Оглядываясь назад, я понимаю, почему так задело Салмана Рушди мое эссе «Двуязычное меньшинство». Эссе было написано мной по заказу Анн Гетти и лорда Вайденфельда — организаторов международной литературной конференции The Wheatland Foundation в мае 1988 года в Лиссабоне, где было более 70 участников из разных стран мира. Переведенное на все мыслимые языки, эссе должно было служить поводом для дискуссии в тот день, когда обсуждались современные проблемы русской литературы. Точнее, русско-советской литературы. И русской несоветской литературы. Не считая советской нерусской литературы. За столом на сцене делегаты и делились по этим категориям: как представители «русской советской» литературы — Лев Аннинский, Татьяна Толстая и Анатолий Ким; от советской нерусской литературы — Грант Матевосян; а от русской несоветской — Иосиф Бродский, Сергей Довлатов и ваш покорный слуга.
Речь шла о понимании литературы как некоего гибрида между интимностью личного общения и — общественной гласностью, площадной публичностью; между личным разговором и — языком толпы. Я говорил о том, что «писатель по природе своей есть двуязычное меньшинство в толпе единомышленников». Эта двуязычность может быть спровоцирована и идеологическим двурушничеством (в советском конфликте власти и интеллигенции), и религиозной расщепленностью в век атеизма, и (как, скажем, лично для меня) эмигрантской раздвоенностью. Это не значит, что писатель как личность, как гражданин не может исповедовать некую цельную и последовательную идеологию, даже стать партийным деятелем. Но эта партийность не всегда выражается однозначно. Аполитичность — это тоже политическая позиция. В связи с этим у меня и возник пассаж о Салмане Рушди.
Дело вот в чем.
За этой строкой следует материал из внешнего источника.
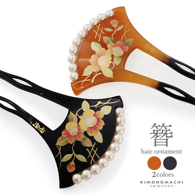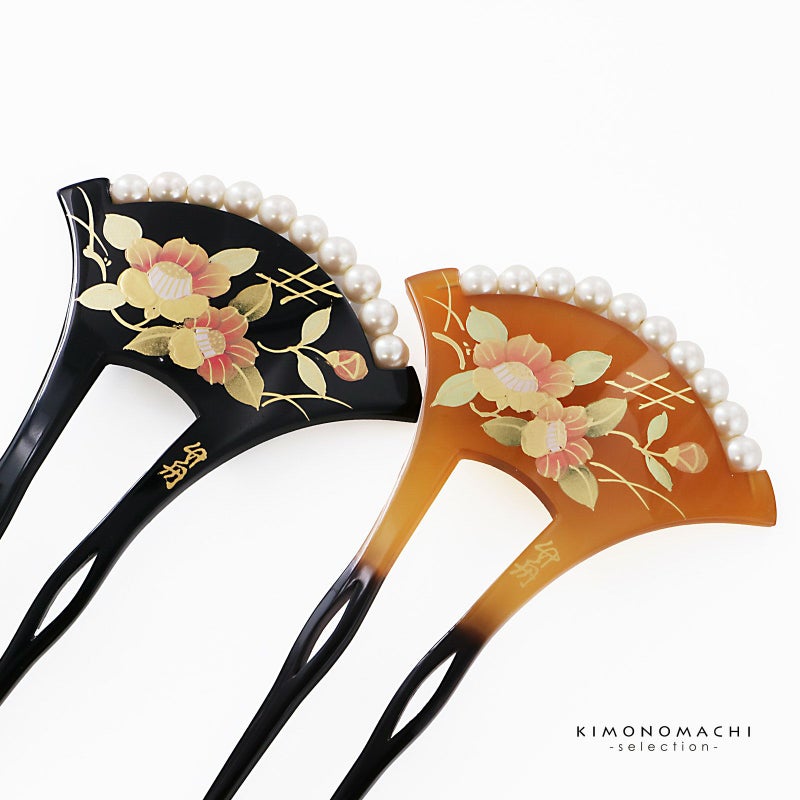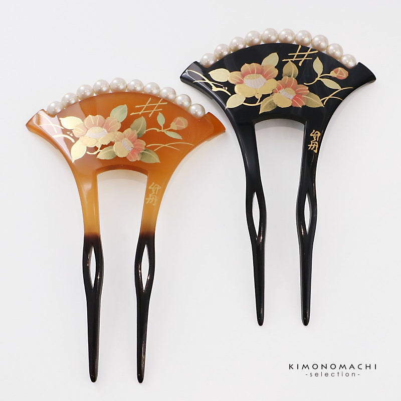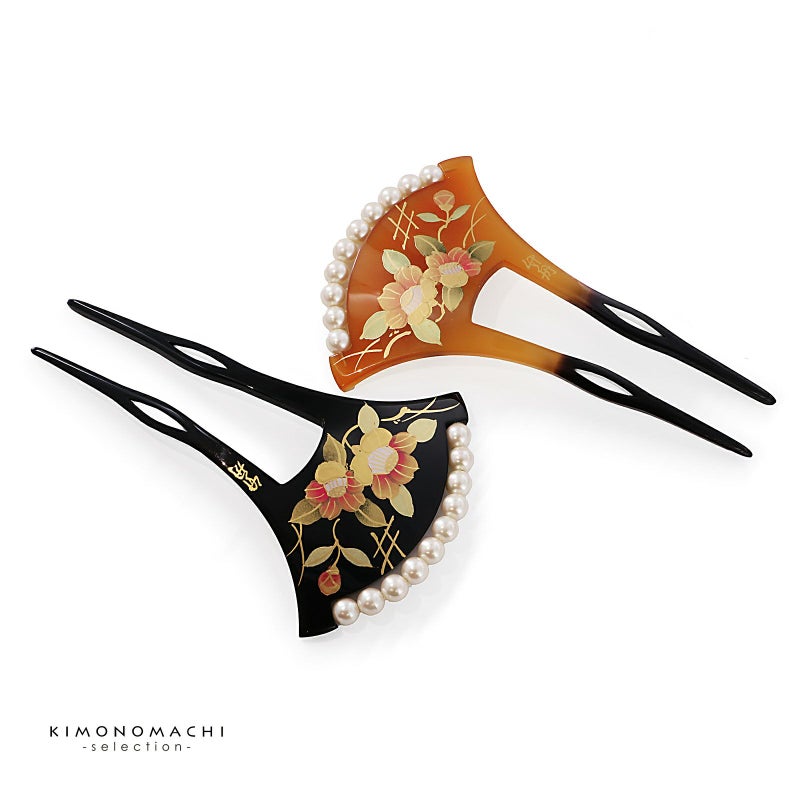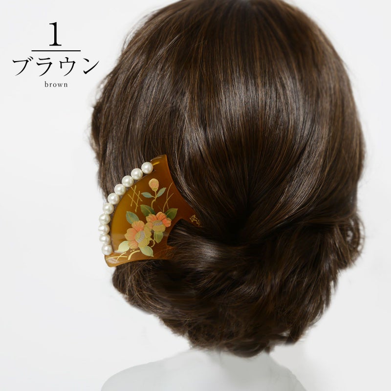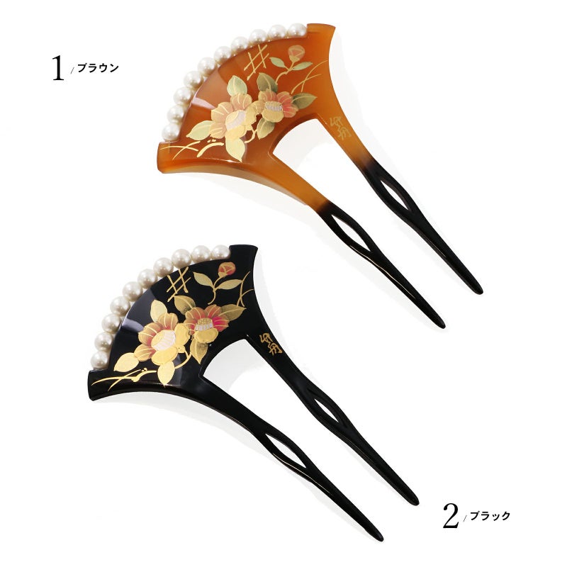 1.ブラウン:透明感のある山吹色の台。挿す部分は黒茶色。紅色、抹茶色、金彩の椿の花。露芝に垣。白色系のパールビーズがついています。

В своем довоенном эссе «В чреве китовом» Джордж Оруэлл, анализируя порнографическую прозу Генри Миллера 30-х годов о Париже американцев-экспатриантов, говорил, что в умолчании Миллером идеологических дилемм эпохи — единственно достойная, возможно, политическая платформа в тогдашней атмосфере манипулирования такими моральными категориями, как общественный долг, совесть, соучастие (это была эпоха гражданской войны в Испании). В связи с этой мыслью я и процитировал памфлет Салмана Рушди, где он подверг Оруэлла убийственной критике именно за аполитичность, обвинил его в буржуазном эскапизме и призвал (как я тогда считал) всю мыслящую интеллигенцию «К штыку приравнять перо».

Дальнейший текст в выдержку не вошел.